I can't understand why anyone would install a small PLC where a simple momentary switch would most likely suffice? 

I do some PLC work, but this is NOT a job for a plc IMO. This is a job for a switch.


----------



## sbrn33 (Mar 15, 2007)

Cow said:


> I can't understand why anyone would install a small PLC where a simple momentary switch would most likely suffice?
> 
> I do some PLC work, but this is NOT a job for a plc IMO. This is a job for a switch.


Oh you are right. I was just upping the ante a bit, but honestly with a few safety switches it might be a decent option.


----------



## Jlarson (Jun 28, 2009)

Opening the loading chute door should kill the cycle. The key switch is just there to keep random idiots from running it.


----------



## frenchelectrican (Mar 15, 2007)

Jlarson said:


> Opening the loading chute door should kill the cycle. The key switch is just there to keep random idiots from running it.


Yep.,, it is set up like that and when the loading gate or door is open it will shut off the pump cycle quick.

I useally get call to fix those compactors once a while and useally the gate interlock switch can get off alignment and cause prevent unit start up.


----------



## AK_sparky (Aug 13, 2013)

Helmut said:


> Check this out..
> 
> In the photo, the middle button is STOP, bottom button is REVERSE.
> 
> ...


Change the N/C STOP switch with a N/O switch. Operator has to hold the button for full cycle, but the key is still required for the first 5 seconds.

The only pain is that you would have to hold both buttons and turn the key to do reverse, but depending on the circuit that could be easily remedied too.


----------



## splatz (May 23, 2015)

There are a lot of things you "could" do to make it work but in this case, I'd be very hesitant to do anything that isn't explicitly laid out in the manufacturer's documentation. 
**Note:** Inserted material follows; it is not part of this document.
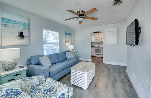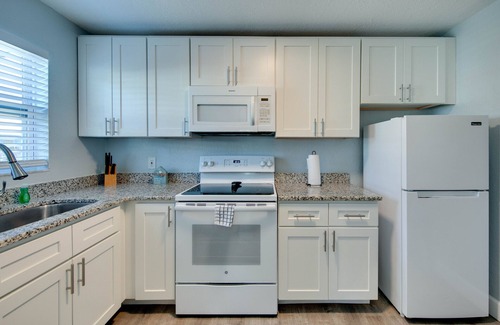 Ideal location! Our guests enjoy the large heated pool area with plenty of chaise lounges and seating. Steps from beautiful Treasure Islands Sunshine Beach and walking distance to Famous John’s Pass Village with great restaurants and shopping. The Bungalows and Silver Sands resort offers our guests a modern coastal Key West design wrapped in a family friendly quiet environment. Old Florida charm combined with modern updates makes for the perfect getaway. Surrounded by lush gardens, our resort offers you a choice of updated studios to one and two bedroom suites. All units have been updated with new bathrooms and full kitchens. Everything you need to whip up a meal or create a memorable picnic for the beach.

I wouldn't want to customize this myself and assume the liability if something happens. I don't know how you're supposed to set up a trash compactor for safe operation. I think your guesses are probably right on the money but I just wouldn't want to guess.


----------



## gnuuser (Jan 13, 2013)

depending on the manufacturer of the machine your compactors are supposed to have safety switches *and* interlocks in the loading shoot doors, as well as the bale unloading door.
the machine should not be able to run with either door open.
the key switch is generally to prevent unauthorized use.
the biggest issue you usually have to deal with is someone bypassing the switches.
If you plan on a plc to run this install a light screen into the safety circuits 
this will shut down the machine if anyone approaches and breaks the beam.


----------